By completing this tutorial, you will:

  • Understand how to build a transformer step-by-step: from tokenization -> embedding -> transformer block -> output logits.
  • Implement a transformer with a single attention layer and no MLP layer
  • Visualize how attention works

Through this tutorial, you will implement the folllowing:

1. Tokenizer

Transform text into numbers that the model can process.

2. Embeddings

  • Token embeddings: Learn representations for each token.
  • If we have time: Sinusoidal positional encoding, which tell the model about token order.

3. Single-Head Causal Self-Attention

  • Query (W_Q), Key (W_K), Value (W_V) projections
  • Attention scores with causal masking
  • Softmax normalization
  • Simple residual connections

4. Output Layer

Linear transformation to predict the next token.

Imports & helpers

import numpy as np
import matplotlib.pyplot as plt
import seaborn as sns

np.random.seed(42)

1. The Tokenizer

Before a neural network can understand text, we need to convert words into numbers. This process, tokenization, is the starting point of training a language model, from BERT to GPT.

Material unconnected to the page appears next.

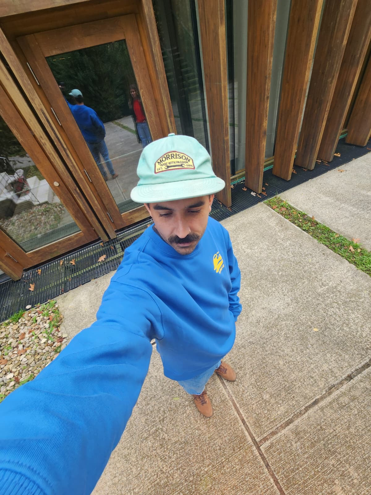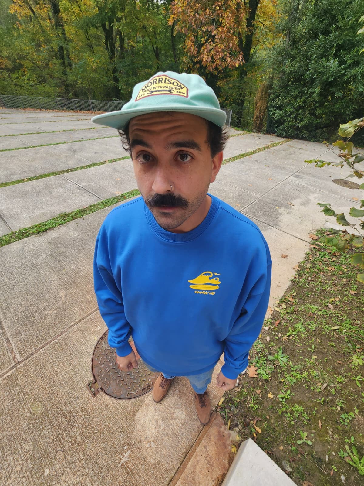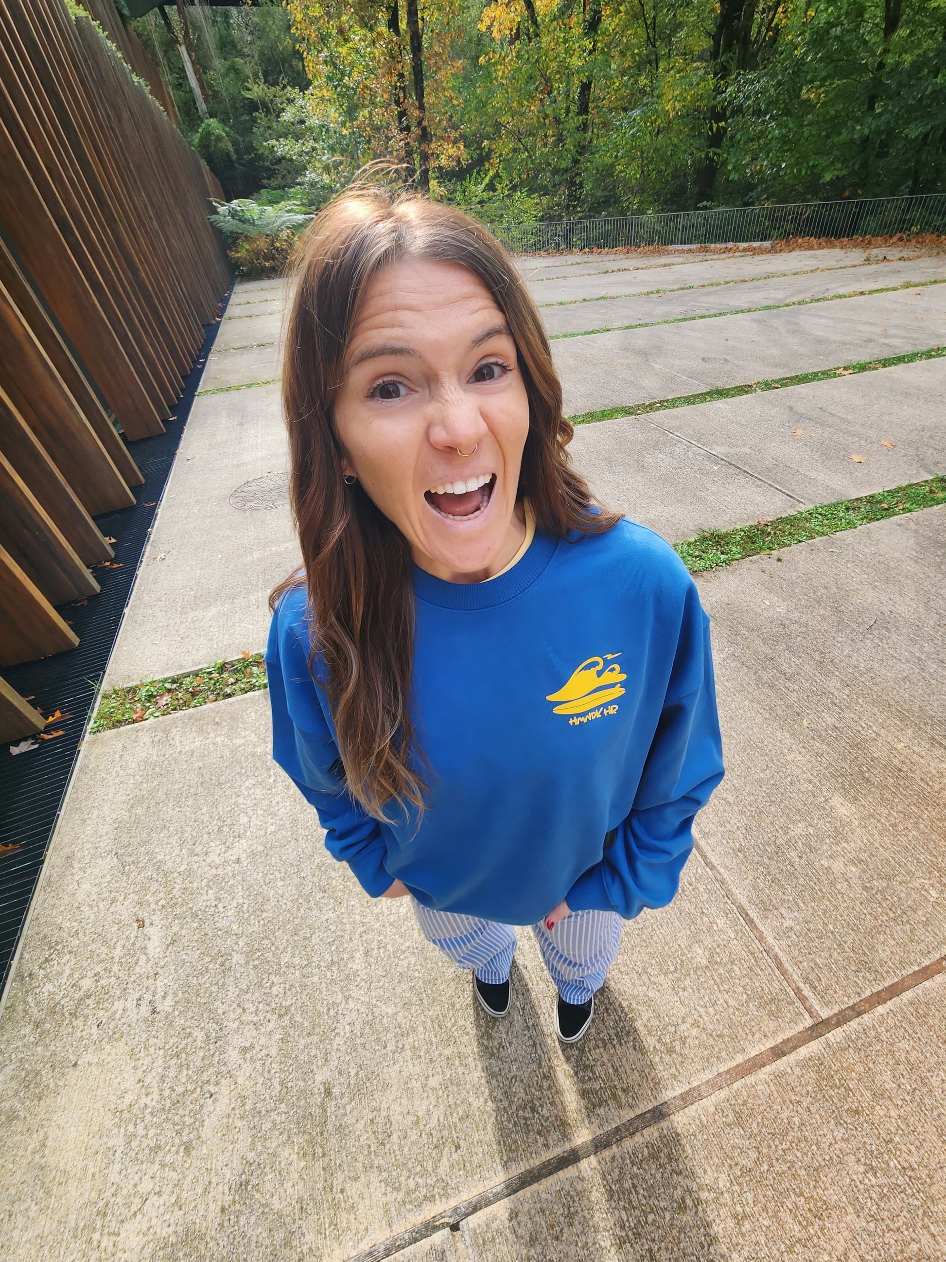 Sudadera Olatua color azul electrico, con estampación en color amarillo.

Below, we implement a super simple tokenizer.

def tokenize(text):
    """Split text into tokens, handling punctuation as separate tokens."""
    # Basic lowercase
    text = text.lower()
    # Add spaces around punctuation
    punct = '.,!?;:"()[]{}'
    for p in punct:
        text = text.replace(p, f' {p} ')
    # Split on whitespace
    return text.split()

def build_vocab(texts, min_freq=1):
    from collections import Counter
    tokens = []
    for t in texts:
        tokens.extend(tokenize(t))
    counts = Counter(tokens)
    # Keep tokens with frequency >= min_freq
    vocab = ['<PAD>', '<UNK>'] + [tok for tok, c in counts.items() if c >= min_freq]
    token_to_id = {tok: i for i, tok in enumerate(vocab)}
    id_to_token = {i: tok for tok, i in token_to_id.items()}
    return token_to_id, id_to_token, vocab

def encode(text, token_to_id):
    return [token_to_id.get(tok, token_to_id['<UNK>']) for tok in tokenize(text)]

def decode(ids, id_to_token):
    return ' '.join([id_to_token.get(i, '<UNK>') for i in ids])

Try it out :)

# Example usage
texts = ["Hello, world!", "Hello there.", "This is an example!"]
token_to_id, id_to_token, vocab = build_vocab(texts)
print(f"Vocabulary size: {len(vocab)}")
print("Tokens:", vocab[:20])

encoded = encode("Hello world!", token_to_id)
print("Encoded:", encoded)
print("Decoded:", decode(encoded, id_to_token))

We can build and understand a tiny astronomy corpus.

texts = [
    "O B A F G K M O B A F G K M O B A F G K M",
    "The Sun is a G type star in the Milky Way.",
    "Betelgeuse is an M type star.",
    "Stars like the Sun are main-sequence G stars.",
    "Sirius is a bright A type star.",
    "Proxima Centauri is an M dwarf.",
    "Vega is an A type star in Lyra.",
    "Rigel is a B type supergiant.",
]
token_to_id, id_to_token, vocab = build_vocab(texts, min_freq=1)
print(f"Vocab size: {len(vocab)}")
print("Sample tokens:", vocab[:20])

def batch_encode(texts, token_to_id):
    return [encode(t, token_to_id) for t in texts]

encoded_corpus = batch_encode(texts, token_to_id)
for i, (t, e) in enumerate(zip(texts, encoded_corpus)):
    print(i, t)
    print(" ->", e)

Let us compare our tokenizer with the tokenizer used with the GPT-2 model. Try to tokenize some funky words like "unbelievable" or "artificial." What do you notice?

# Install: pip install tiktoken
import tiktoken

def demo_gpt2_tokenizer(sentence):
    # Use GPT-2's tokenizer
    enc = tiktoken.get_encoding("gpt2")

    tokens = enc.encode(sentence)
    print("Token IDs:", tokens)
    print("Decoded:", enc.decode(tokens))

demo_gpt2_tokenizer("Transformers are amazing!")

2. Embeddings

Remember our tokens [5, 87, 42]? These numbers don't mean anything to a neural network yet. We need to convert each token into a vector that can capture meaning.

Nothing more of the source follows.